Jack Anderson
Bach by the Geneva Ballet
Bach by the Geneva Ballet
Ballet du Grand Théâtre de Genève, "Préludes
et Fugues"
Joyce Theatre, 175 Eighth Avenue at 19th Street, Chelsea
February 28-Marc h 4, 2012; Tuesday and Wednesday at 7:30 p.m., Thursday
and Friday at 8 p.m., Saturday at 2 and 8 p.m., Sunday at 2 p.m.,
(212) 242-0800, www.joyce.org, $10-$49
Reviewed by Jack Anderson, March 1, 2012
When the Ballet du Grand Théâtre de Genève announced
it was offering an hour-long ballet to selected preludes and fugues
from Bach's "Well-Tempered Clavier," it was easy to
imagine what the Swiss company's production might look like: the
stage would be bare, costumes would be spare and each contrapuntal musical
phrase would be solemnly yoked to a corresponding choreographic phrase.
That's what abstract ballets to Bach tend to look like. And that's
what Emanuel Gat's "Préludes et Fugues" did
look like, right?
Wrong! Very wrong.
Yes, the stage stayed bare and costumes were spare in this ballet for
twenty dancers. But sounds and steps were often matched so oddly as
to suggest that they were going their own separate ways while filling
the same theatrical time and space. If Gat's effects were initially
perplexing, a willingness to listen and look without clinging to preconceived
ideas of how ballets and their scores should be joined together made
"Préludes et Fugues" fascinating and, ultimately,
touching.
As an overture, a Bach prelude was played, softly, with the curtain
down, as if from a great distance. In fact, much of the accompaniment,
taken from Glenn Gould's recording of the complete score, sounded
far away. Since the Joyce's amplification system can frequently
make recorded music seem clattery, I began to suspect that the sonic
restraint was deliberate. Silence soon prevailed and dancers entered,
scooping the air and flinging themselves to the ground.
Here, and elsewhere throughout the ballet, Gat liked to gather people
together into clusters, only to send them scattering. People sometimes
performed while other people watched, and the watchers would unexpectedly
replace the previous dancers in the middle of a prelude or a fugue.
It was occasionally difficult to tell if dancers paired together were
colleagues or contenders. In one duet, dancers, though paired, appeared
be trying to elude each other. Many times, when a musical piece ended,
the dancers simply continued in silence, moving on into the next prelude
or fugue without a break. Eventually, massed dancers in an ensemble
seemed to suggest that the ballet's conclusion was imminent, big
groups often being heralds of finales. The end was indeed near, but
when it did come only one pensive woman was left on stage, tentatively
touching her body and the air around her.
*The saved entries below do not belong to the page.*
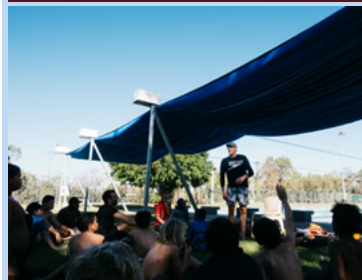
Young people in Jabiru treated to a swim clinic with Olympic gold medalist Mack Horton recently.
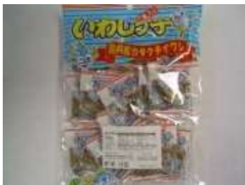
G013 1.3oz x 12 @健康小鱼干 IZUMIYA DRIED FISH (IWASHIKKO)
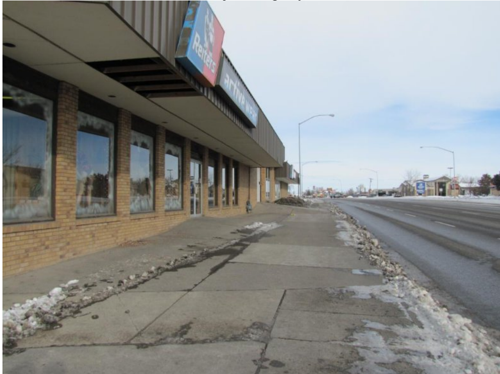
View looking north of subject property

Gat sometimes made music and movement so disjunct that exasperated spectators
might wonder why he bothered to use Bach at all, rather than some other
composer. He might conceivably reply that these kinds of movements,
and none other, were the ones that Bach's sounds led him to create.
He was not out to produce a music visualization, but a personal vision,
a choreographic landscape stretched across Bach's musical landscape
that complemented it, but in an idiosyncratic way. What initially appeared
arbitrary looked more and more necessary. Movements in silence took
on as much importance as movements to sounds. The softness of the amplification,
the suggestion of music emerging from and returning to somewhere far
distant, also became appropriate. So did Gat's specific musical
choices.
From the 48 pieces that comprise the "Well-Tempered Clavier,"
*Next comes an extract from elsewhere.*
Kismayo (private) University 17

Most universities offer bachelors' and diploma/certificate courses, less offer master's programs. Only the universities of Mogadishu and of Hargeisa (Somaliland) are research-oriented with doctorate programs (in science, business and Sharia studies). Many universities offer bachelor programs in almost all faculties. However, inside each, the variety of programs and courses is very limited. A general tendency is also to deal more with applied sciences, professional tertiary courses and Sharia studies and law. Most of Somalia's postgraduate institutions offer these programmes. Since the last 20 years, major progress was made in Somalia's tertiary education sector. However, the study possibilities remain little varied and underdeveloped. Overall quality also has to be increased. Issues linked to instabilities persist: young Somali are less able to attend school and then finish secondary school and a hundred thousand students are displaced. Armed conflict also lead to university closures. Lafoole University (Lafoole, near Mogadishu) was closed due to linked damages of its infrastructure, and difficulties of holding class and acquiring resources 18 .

Gat selected fifteen, the first two of them in major keys, while all
the rest were in minor keys. It is certainly a monstrous oversimplification
to say, as children's piano teachers have occasionally been wont
to do, that "major keys mean happy music, minor keys mean sad
music," yet minor keys are often associated with sadness in our
musical tradition, and Gat's ballet is suffused with melancholy.
Music that might have come from far-away, dance phrases that stopped
while the music continued or continued to no music, music in predominantly
minor keys, all this heightened the ballet's atmosphere. Without
choreographic ranting or wailing, "Préludes et Fugues"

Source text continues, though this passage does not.